Imagine what might have happened if railroad workers had struck this week.
The supply might well have been disrupted in ways that other delivery systems, like air and commercial vehicle freight, would not have been able to fully compensate for. Why? Those transportation industries already have their own capacity challenges.
We’ve seen supply chain disruptions with alarming frequency these past few years. The driver shortage preceded the pandemic. The pandemic altered the supply-and-demand balance in ways from which we’re still recovering. When demand grew back to near-pre-pandemic levels, the ports bottlenecked, with ships in days-long waits for a slot. Then: no place for the containers at the ports. And overstuffed warehouses.

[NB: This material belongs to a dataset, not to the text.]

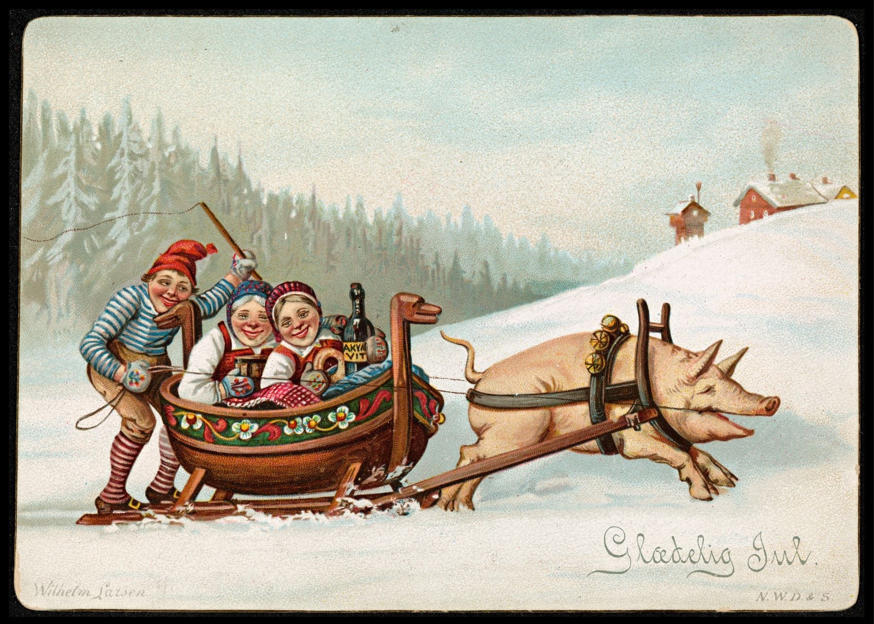 Poster av serien "Humoristiske julekort" av Wilhelm Larsen. Han ble født i1854 og døde i 1893. Han leverte illustrasjoner til blader og tidsskrifter og gjerne med et humoristisk tilsnitt.

The global economy too-often looks like it needs a plumber.
We hear this phrase: “The best defense is a good offense.” That’s what a number of initiatives are trying to address. Being proactive can be a way to mitigate the reactive stuff.
The Infrastructure Bill passed by Congress a year ago includes a number of efforts in the name of transportation. Road and bridge repair, airport and rail improvement, and port enhancements will all contribute to a better flow of goods throughout the country. (Patience is in order: every section of road repair will likely cause temporary traffic jams.)
Inside that Infrastructure legislation is the Safe Driver Apprenticeship Pilot Program designed to “help individuals ages 18, 19, and 20 explore interstate trucking careers and help trucking companies hire and train new drivers through an apprenticeship pilot program.”
As the truck driving profession ages, attracting and retaining younger drivers is a way of being both proactive and reactive at the same time.
A note of caution, though: as NPR reported a few weeks ago, “To date, half a dozen trucking companies have been approved for the program.”